Study question: Can a genome-wide association study (GWAS) and transcriptome-wide association study (TWAS) help identify genetic variation or genes associated with circulating anti-Müllerian hormone (AMH) levels in Samoan women?

Summary answer: We identified eleven genome-wide suggestive loci (strongest association signal in ARID3A 19-946163-G-C [ p = 2.32 × 10⁻⁷]) and seven transcriptome-wide significant genes ( GINS2, SENP3, USP7, TUSC3, MAFA, METTL4, NDFIP1 [all with a p < 2.50 × 10⁻⁶]) associated with circulating AMH levels in Samoan women.

What is known already: Three prior GWASs of AMH levels identified eight loci in premenopausal women of European ancestry (AMH, MCM8, TEX41 , CHECK2, CDCA7 , EIF4EBP1, BMP4 and an uncharacterized non-coding RNA gene CTB-99A3.1 ), among which the MCM8 locus was shared among all three studies.

Study design size duration: We included a sample of 1,185 women from two independently recruited samples: a family study ( n = 212; [age: 18 to 40 years]) recruited in 2002-03 from Samoa and American Samoa; and the Soifua Manuia Study ( n = 973; age: 25 to 51 years), a crosssectional population-based study recruited in 2010 from Samoa.

Participants/materials setting methods: Serum AMH levels were measured using enzyme linked immunosorbent assays (ELISA). We performed GWASs in the two participant samples using a Cox mixed-effects model to account for AMH levels below detectable limits and adjusted for centered age, centered age², polity, and kinship via kinship matrix. The summary statistics were then meta-analyzed using a fixed-effect model. We annotated the variants with p < 1 × 10⁻⁵ and calculated posterior probability of causality for prioritization. We further annotated variants using FUMA and performed colocalization and transcriptome-wide association analysis. We also assessed whether any previously reported loci were replicated in our GWAS.

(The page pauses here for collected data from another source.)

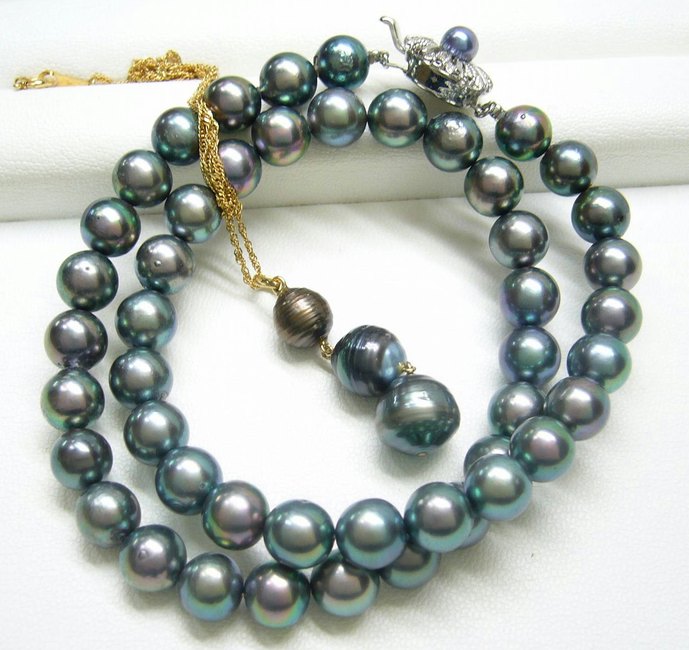 タヒチ真珠という通り名が一番有名じゃないでしょうか。南洋で産出される真珠っす。形と大きさは上の白蝶(南洋珠)とほぼ同じで、色が、
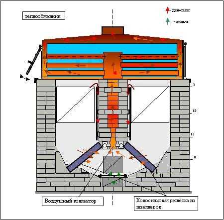 Для описания принципа работы пиролизной печи необходимо взглянуть на её внутреннее строение и конструктивные элементы.
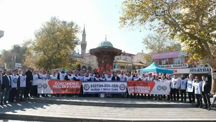 Eğitim-Bir-Sen Öğretmenlik Meslek Kanunu'nun bir meslek kanunu içerisinde olması gereken unsurları içinde barındıracak değişiklik ve düzenlemeler yapılması konusunda çağrıda bulunmak için tüm Türkiye’de ortak basın açıklaması düzenledi. Bursa’da ilk derse girmeyen öğretmenler 15 Temmuz Demokrasi Meydanı’nda buluştu.
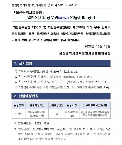 [뉴스/취업정보] 울산광역시교육청 일반임기제공무원(속기사) 임용시험 공고

Main results and the role of chance: We identified eleven novel genome-wide suggestive loci ( p < 1 × 10⁻⁵) associated with AMH levels and replicated EIF4EBP1, a previously reported AMH locus, in the GWAS. The lead variant in ARID3A , 19-946163-G-C is in high linkage disequilibrium ( r ² = 0.79) with the known age-at-menopause variant 19-950694-G-A. Nearby KISS1R is a biologically plausibility causal gene in the region; kisspeptin regulates ovarian follicle development and has been linked to AMH levels. Further investigation of the ARID3A locus is warranted.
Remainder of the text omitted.